W4M · Research Notes

Research Note · New results · 8 / 12

The swarm, measured

Note 5 was a thesis: many small models, learning together, growing as one network. This note is the first data — small in scale, exact in what it shows.

W4M Research · July 2026 · ~5 min read

45.6 → 100%
every member perfect after one overnight memory sync — on material only teammates had seen
×3
the result replicated three times, three brains each run
0 → 100%
one brain's experience transplanted into another — the recipient masters what only the donor lived
The short version We split a workload across three copies of the continual-learning brain from Note 7, so each lived through a different third of the problems. Alone, a brain that had seen only its own third scored 45.6% on the full exam. Then we did what frozen models cannot: synced their experience overnight, the same consolidation each brain uses for its own memories. By morning, every member scored 100% on everything — including material only its teammates had ever seen. Replicated three times. Experience also moves as a file: transplant one brain's memories into a fresh copy and it masters the donor's material immediately, 0 to 100. The honest caveat is real and measured too: shared learning is only as good as what each member perceives — feed the network noisy inputs and the gains shrink until perception is fixed. In business terms: a fleet where every unit's experience becomes every unit's skill, overnight, without a datacenter in the loop.

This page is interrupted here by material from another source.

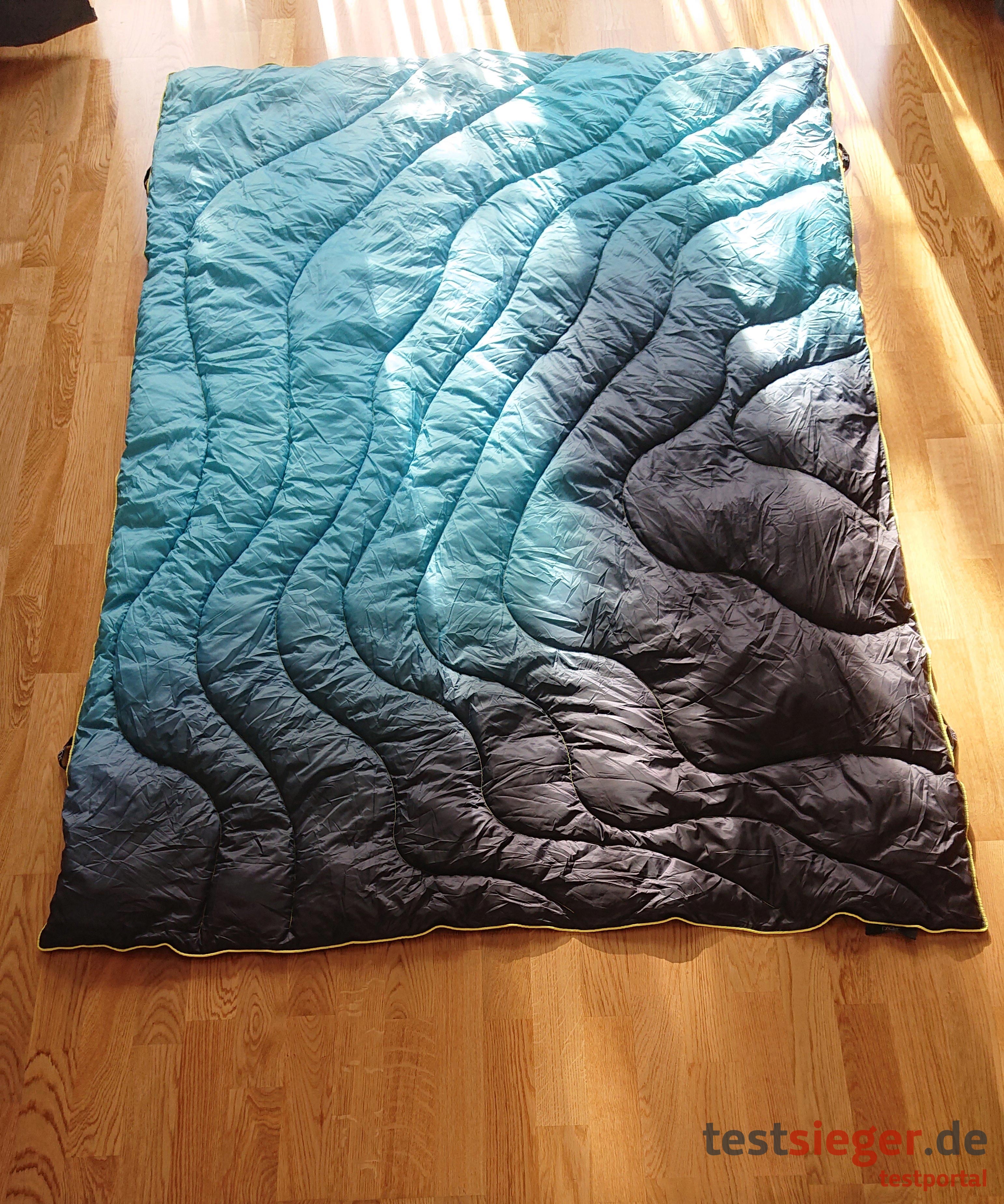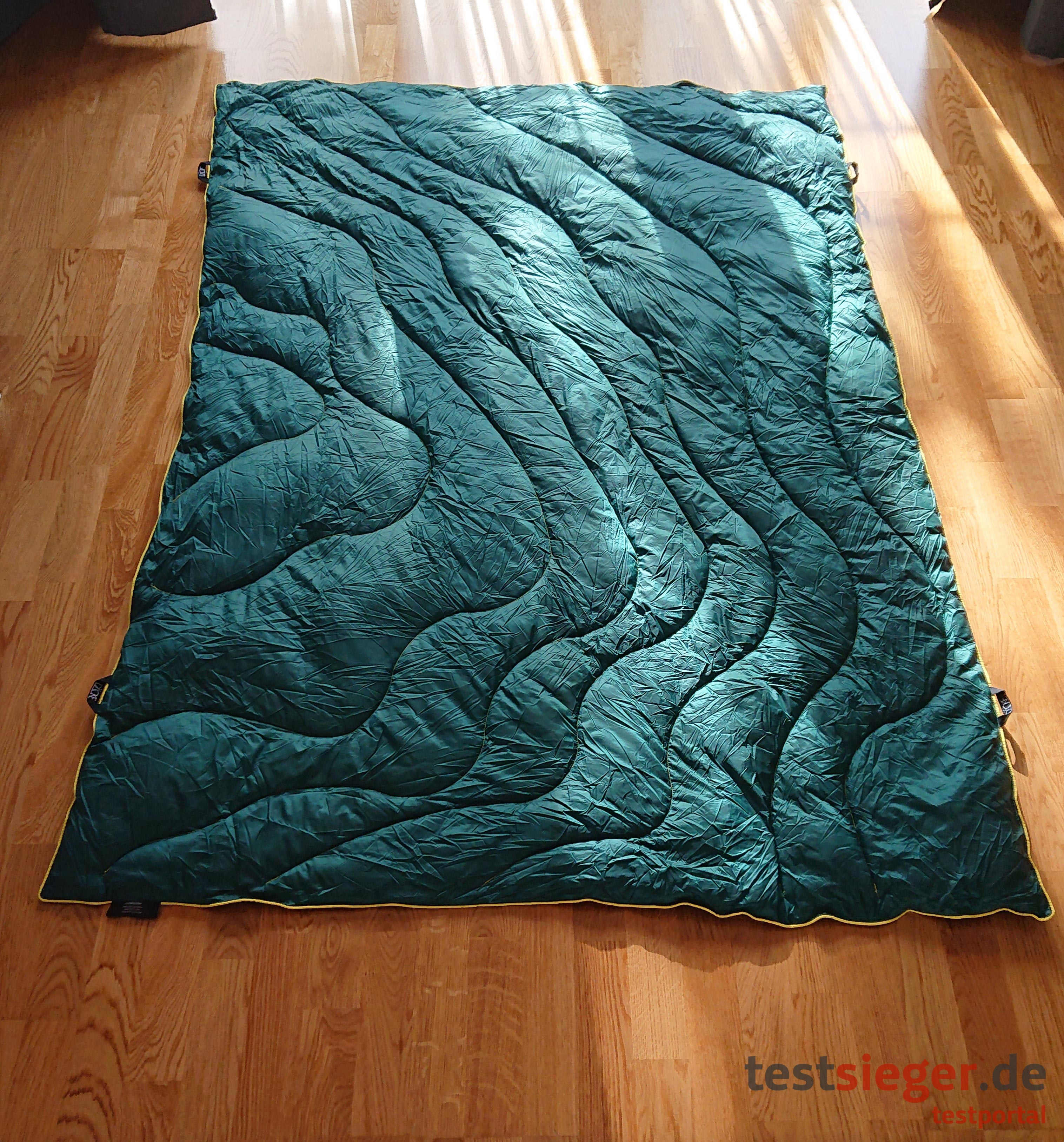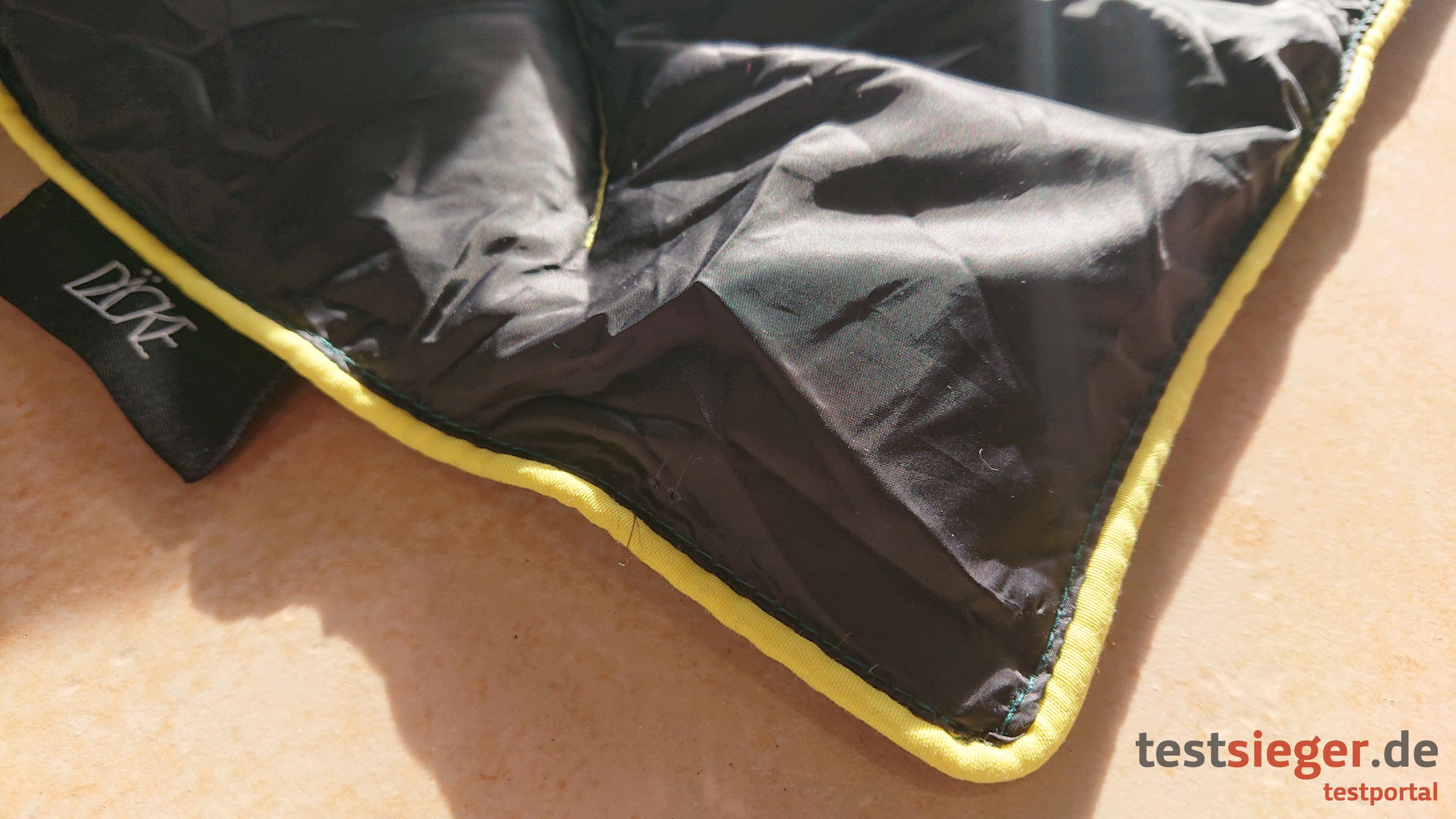 Seite der Decke besteht aus 100 Prozent Polyester. Die Rückseite aus 100 Prozent Nylon. Dieses Material ist optimal für den Outdoor-Gebrauch, denn es gilt als besonders robust. Auch nach unserem Praxistest können wir die Decke als widerstandsfähig beurteilen. Weder die Nähte noch das Material selbst, sind nach unserem Belastungstest gerissen oder beschädigt. Als Innenmaterial verwendet der Hersteller Kunstdaunen aus 100 Prozent Polyester. Dadurch ist die Decke nicht nur angenehm weich, sondern auch noch allergikerfreundlich.

Note 5 sketched the destination: millions of small models on the edge, each learning from its own use, sharing what it learns so the whole network compounds. A thesis needs numbers. These are the first — deliberately small in scale, three to five brains rather than millions, because at small scale you can measure exactly what sharing does and control everything else.

Three lives, one mind by morning

The setup is simple to state. Take three copies of the same continual-learning brain. Give each a different third of a task world to live in — different problems, different corrections, no overlap. None of them ever sees the full picture. Then, at the end of the "day," sync their experience stores and let each brain run its normal overnight consolidation — the same sleep mechanism from Note 7, just fed with the whole team's day instead of its own.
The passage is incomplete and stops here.